Isn't continuity required to prove these are all the functions? I think it all comes to the functional equation f(x+y)=f(x)+f(y), right? I think if we have continuity then we can prove it has to be linear function. However without continuity I think there could be function that is partially linear, so for given real r f(q*r)=a_r*q*r for all rational qs. a_r could be different for different r but if r_1-r_2 is rational then a_r_1=a_r_2. And I think we could prove such functions exist by taking one number from each class of equivalance relation (where r1 and r2 are equivalent when their difference is rational) and we set different slopes for first 2 numbers and we use them for defining set and then for when we have all of chosen representatives of these classes in well ordered chain of length continuum, we take the representative only when it can't be written as finite rational combination q1*r1+q2*r2+... taken at some previous step and we define function using first slope. If it can then it should already be well defined, because then it has only one form and so we define using our formula. Since we have chosen 2 different slopes at first, the final definition is not a simple linear function. So I think continuity if needed.

case 1 is a limit of case 2 pretty cool.

You should ask g to be continuous

8:11 it's not exactly obvious that f(x) = Ax is the only solution. But we can prove that if there is some value k s.t. f(k) != Ak, it will lead to contradiction.

Can we write the last solution as f(x) = a^x + b? Looks a little cleaner?

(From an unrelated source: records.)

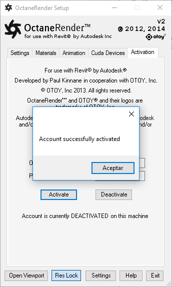 First MessageBox "unable to load Octane data" and then I have activated the plugin but when I change to any tabs show a box "You must activated the plugin..." or something like that
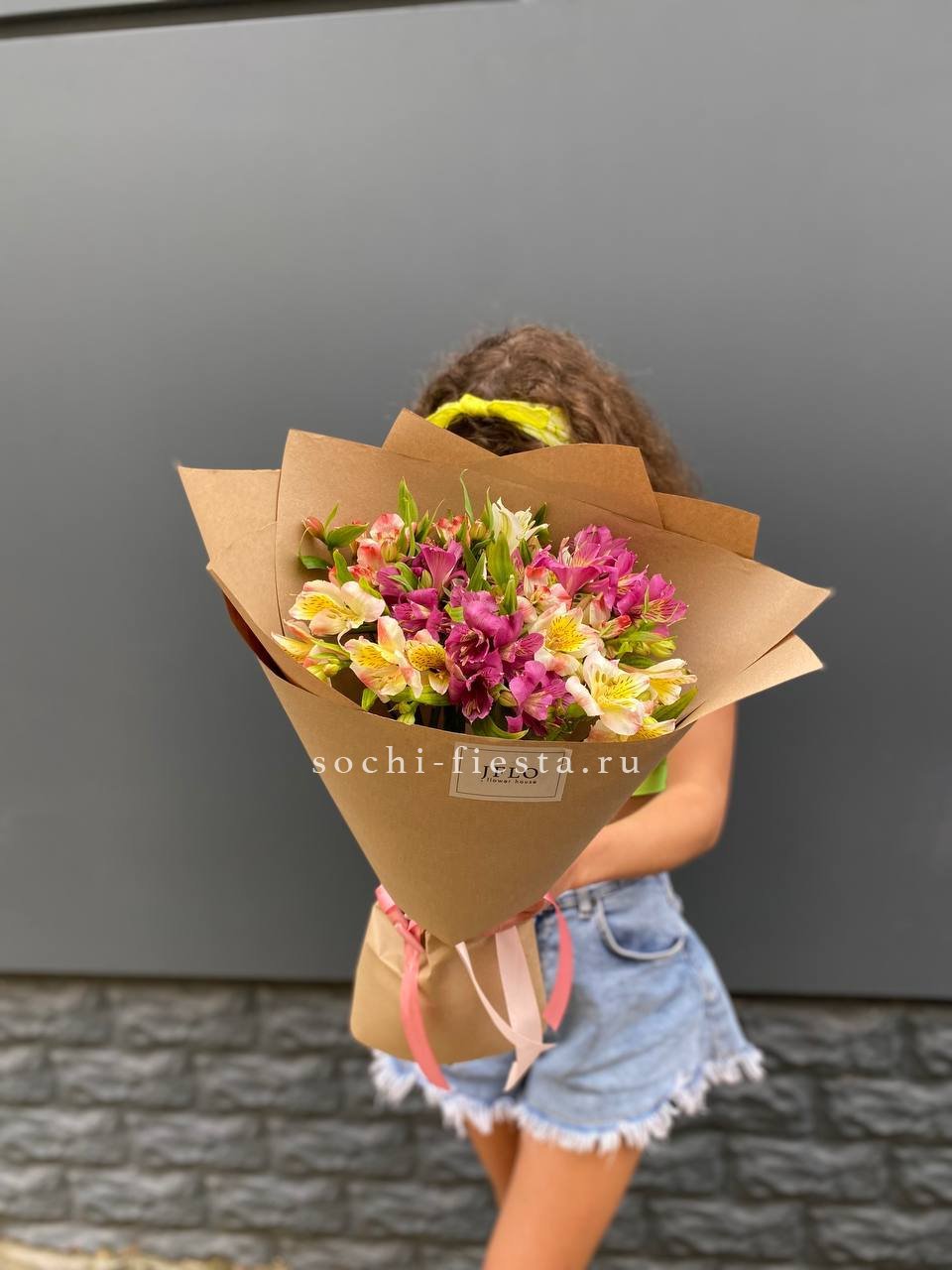 альстромерии - 9 веток, лента, крафт.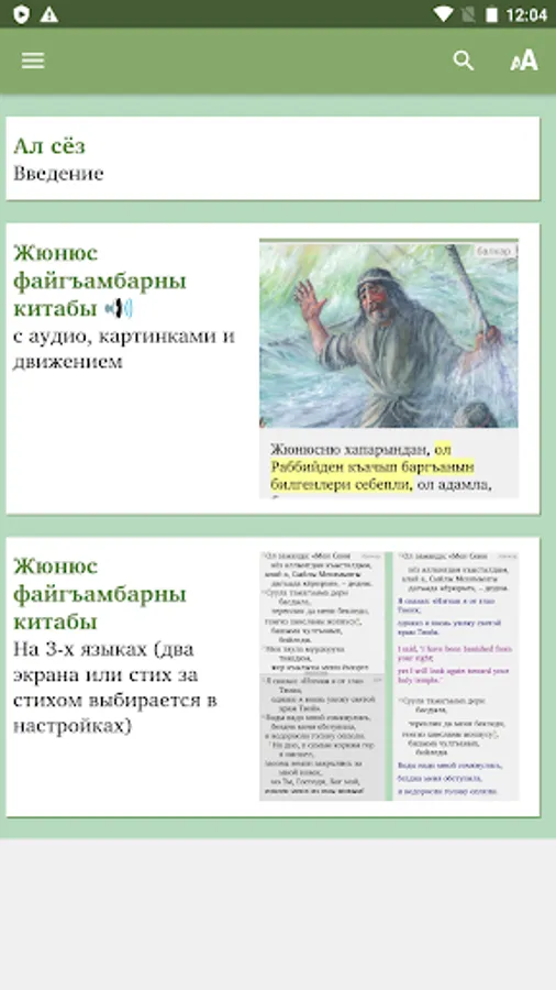 The first part of the app includes audio that has been synchronized with the text (each verse of text is highlighted when the corresponding audio fragment is played, if this option is not turned off in the app's settings). An Internet connection is needed for streaming the audio.

You can also get it from the definition of the derivative. You should be more careful with continuity and differentiability than I am doing here, but if you move f(y) to the LHS and divide by x you get [f(x + y) - f(y)]/x = f(x)/x g(y), and if you take the limit as x -> 0 you get the limit definition of the derivative of x at y (on the LHS) and at 0 (on the RHS). This becomes: f'(y) = f'(0)g(y), which is nice because that means that g is just proportional to the derivative of f. Let's call that proportionality constant m = 1/f'(0) so that g(x) = mf'(x) Plugging back into the original equation: f(x + y) = mf(x)f'(y) + f(y) Let's build a symmetric equation by swapping x and y f(x + y) = mf(y)f'(x) + f(x), and since the LHS are equal we can equate the RHS mf(x)f'(y) + f(y) = mf(y)f'(x) + f(y), moving things around we get to m [f'(x) - 1]/f(x) = m [f'(y) - 1]/f(y), we can now fix y to see that the RHS is a constant (call it a) and the LHS has only terms that depend on x. We then get the differential equation mf' - af = 1, this 1st order ODE can easily be solved with the initial conditions f(0)= 0 and f'(0) = 1/m to get: f(x) = B(c^x - 1) and g(x) = c^x (where c = a/m)

You can switch x and y and compare to original equation.

Amazing, could you do a video about the "obvious" f(x+y) = f(x) + f(y) ?

I found it. It's right before the opening parenthesis.

Capo

it is important that f is increasing in the case where f(x+y)=f(x)+f(y) we concluded that f(x) is linear because if there is no other conditions there are non-trivial solutions and these non-trivial solutions can only be constructed using axiom of choice. (Very deep.)

i love functional equations i want to kiss them

We have f(0) = 0 being contingent on x=0, y=y, now he uses this with x=x, y=0. That can't be valid.